■ **Task material**:
──────────────────────────────
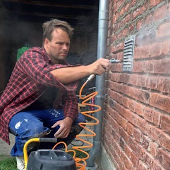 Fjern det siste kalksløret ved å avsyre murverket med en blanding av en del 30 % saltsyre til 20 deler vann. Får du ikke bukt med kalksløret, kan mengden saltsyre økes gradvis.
──────────────────────────────
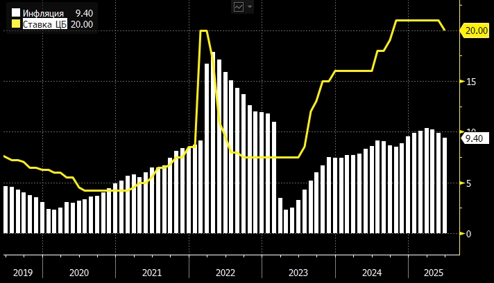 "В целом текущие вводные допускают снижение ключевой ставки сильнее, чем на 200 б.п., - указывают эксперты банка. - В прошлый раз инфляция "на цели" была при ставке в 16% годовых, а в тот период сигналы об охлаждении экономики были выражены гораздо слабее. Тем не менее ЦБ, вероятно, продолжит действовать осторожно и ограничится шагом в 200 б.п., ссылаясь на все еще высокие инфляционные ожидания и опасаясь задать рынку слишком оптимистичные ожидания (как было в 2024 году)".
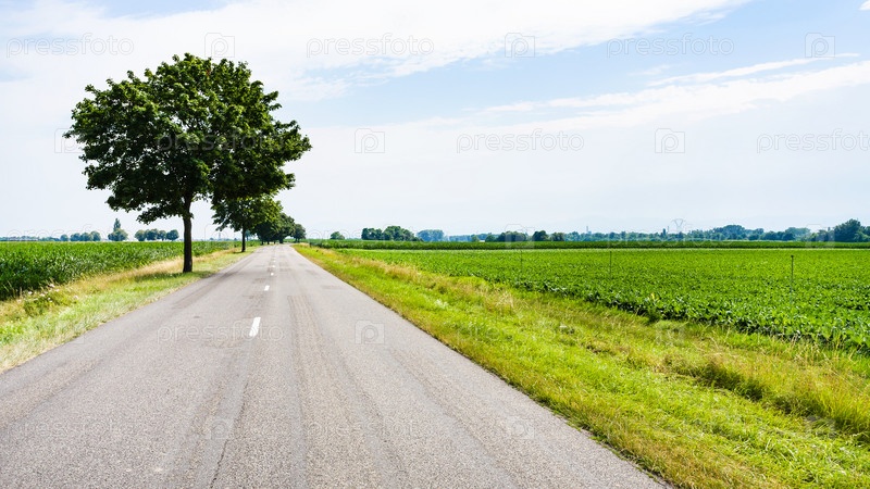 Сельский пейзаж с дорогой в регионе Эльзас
──────────────────────────────
Look above for the line with "целом текущие вводные" and the line with "Сельский пейзаж с дорогой в регионе Эльзас", then copy exactly the lines from the first through the second, both kept, with no pictures.

■ **Reply**:
 "В целом текущие вводные допускают снижение ключевой ставки сильнее, чем на 200 б.п., - указывают эксперты банка. - В прошлый раз инфляция "на цели" была при ставке в 16% годовых, а в тот период сигналы об охлаждении экономики были выражены гораздо слабее. Тем не менее ЦБ, вероятно, продолжит действовать осторожно и ограничится шагом в 200 б.п., ссылаясь на все еще высокие инфляционные ожидания и опасаясь задать рынку слишком оптимистичные ожидания (как было в 2024 году)".
 Сельский пейзаж с дорогой в регионе Эльзас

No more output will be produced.